Your task is to copy the data exactly while leaving out every picture.

> Stored data
--

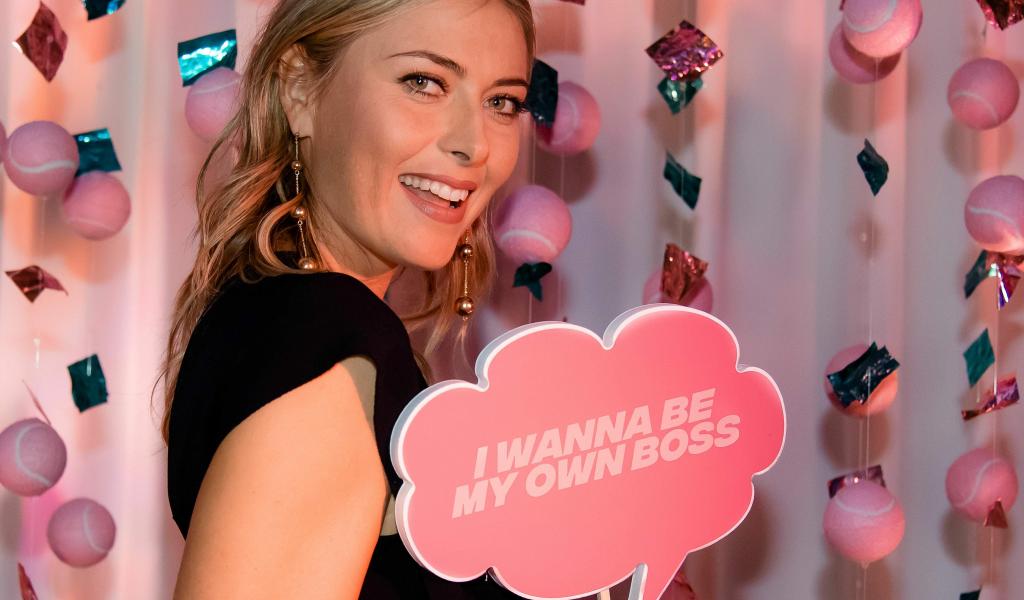 Wallpaper Tennis player Maria Sharapova holding a sign in her hands on a pink background
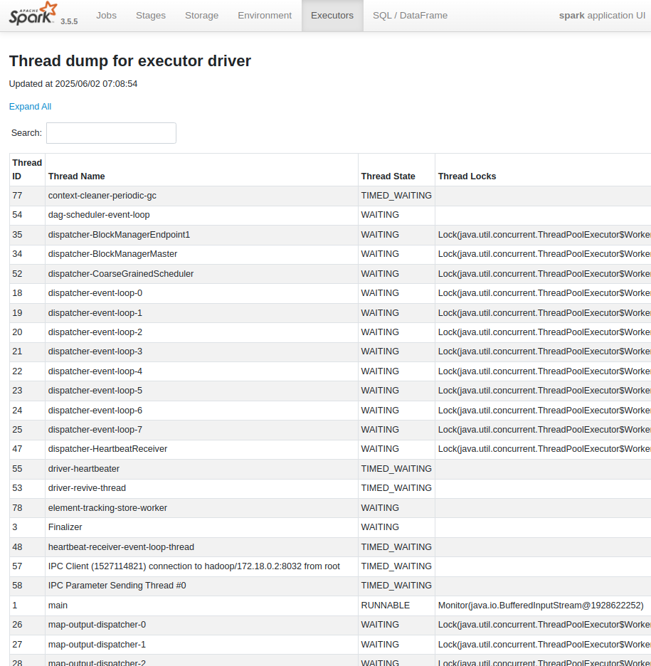 | Thread Dump : 각 Executor JVM의 현재 스레드 상태 스냅샷 (프로세스 내에서 병렬처리를 위해 동작하는 그 스레드 맞음) Executor 내에서 어떤 스레드가 실행 중인지, 각 스레드의 상태 (RUNNABLE, BLOCKED, WAITING 등), 스택 트레이스 등 확인 가능 특정 Executor가 응답하지 않거나 (hang), CPU 사용률이 비정상적으로 높거나, 데드락이 의심될 때 확인하는 부분 - Hang 분석 : 스레드 덤프를 통해 특정 스레드가 어떤 상태로 멈춰 있는지 (예: 특정 리소스에 BLOCKED 상태로 오랫동안 대기 중인지) 파악하여 hang의 원인을 진단할 수 있음 어떤 쓰레드가 오랜 시간동안 BLOCKED, WAITING 상태라면 혹시 이게 hang의 원인이지 않을까 의심해볼 수 있지. 어떤 락을 기다리고 있는지, 어떤 스레드가 깨워주기를 기다리는지 등을 파악하여 데드락이나 장기 지연 문제를 진단할 수 있음 - CPU 병목 분석 : CPU를 많이 사용하는 스레드의 스택 트레이스를 분석하여 어떤 코드가 CPU를 집중적으로 사용하고 있는지 확인하고, 성능 개선의 힌트를 얻을 수 있음. 특정 스레드가 과도한 CPU를 사용하는지 분석 가능! - 데드락 감지 : 여러 스레드가 서로 다른 리소스를 점유하고 놓지 않아 영원히 대기하는 데드락 상황을 스레드 덤프를 통해 감지 - Executor 내부 상태 파악: Executor가 현재 어떤 작업을 수행하고 있는지, 어떤 라이브러리 함수를 호출하고 있는지 등을 스택 트레이스를 통해 자세히 확인 가능. 스레드가 특정 자원 (락, I/O 완료 등)을 기다리는 상황을 파악하여 자원 경쟁을 줄이거나 비효율적인 자원 사용 패턴을 개선 |
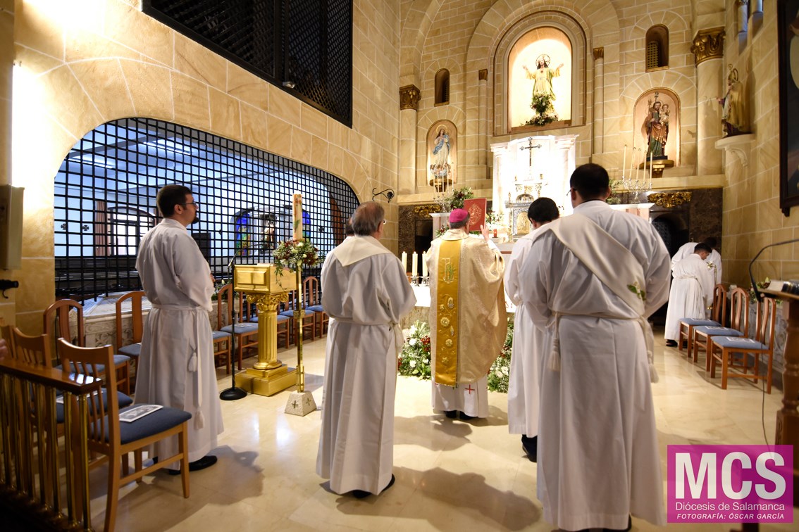 A lo largo de este año Jubilar se recordará los orígenes de la fundación, que partió de Madre María Amparo en su pueblo natal, Cantalapiedra, junto a otras dos mujeres sencillas, “en el lugar donde le encomendó el Señor”. El mismo día de su llegada a la primera ubicación del monasterio, se unió a su causa una mujer más, del mismo municipio. Aquella pequeña casa tenía espacio para diez hermanas y pronto se quedó pequeña, ya con 16 integrantes en la comunidad se plantearon la construcción del actual monasterio del paseo de la Estación.

--

> Solved exercise
 Wallpaper Tennis player Maria Sharapova holding a sign in her hands on a pink background
 | Thread Dump : 각 Executor JVM의 현재 스레드 상태 스냅샷 (프로세스 내에서 병렬처리를 위해 동작하는 그 스레드 맞음) Executor 내에서 어떤 스레드가 실행 중인지, 각 스레드의 상태 (RUNNABLE, BLOCKED, WAITING 등), 스택 트레이스 등 확인 가능 특정 Executor가 응답하지 않거나 (hang), CPU 사용률이 비정상적으로 높거나, 데드락이 의심될 때 확인하는 부분 - Hang 분석 : 스레드 덤프를 통해 특정 스레드가 어떤 상태로 멈춰 있는지 (예: 특정 리소스에 BLOCKED 상태로 오랫동안 대기 중인지) 파악하여 hang의 원인을 진단할 수 있음 어떤 쓰레드가 오랜 시간동안 BLOCKED, WAITING 상태라면 혹시 이게 hang의 원인이지 않을까 의심해볼 수 있지. 어떤 락을 기다리고 있는지, 어떤 스레드가 깨워주기를 기다리는지 등을 파악하여 데드락이나 장기 지연 문제를 진단할 수 있음 - CPU 병목 분석 : CPU를 많이 사용하는 스레드의 스택 트레이스를 분석하여 어떤 코드가 CPU를 집중적으로 사용하고 있는지 확인하고, 성능 개선의 힌트를 얻을 수 있음. 특정 스레드가 과도한 CPU를 사용하는지 분석 가능! - 데드락 감지 : 여러 스레드가 서로 다른 리소스를 점유하고 놓지 않아 영원히 대기하는 데드락 상황을 스레드 덤프를 통해 감지 - Executor 내부 상태 파악: Executor가 현재 어떤 작업을 수행하고 있는지, 어떤 라이브러리 함수를 호출하고 있는지 등을 스택 트레이스를 통해 자세히 확인 가능. 스레드가 특정 자원 (락, I/O 완료 등)을 기다리는 상황을 파악하여 자원 경쟁을 줄이거나 비효율적인 자원 사용 패턴을 개선 |
 A lo largo de este año Jubilar se recordará los orígenes de la fundación, que partió de Madre María Amparo en su pueblo natal, Cantalapiedra, junto a otras dos mujeres sencillas, “en el lugar donde le encomendó el Señor”. El mismo día de su llegada a la primera ubicación del monasterio, se unió a su causa una mujer más, del mismo municipio. Aquella pequeña casa tenía espacio para diez hermanas y pronto se quedó pequeña, ya con 16 integrantes en la comunidad se plantearon la construcción del actual monasterio del paseo de la Estación.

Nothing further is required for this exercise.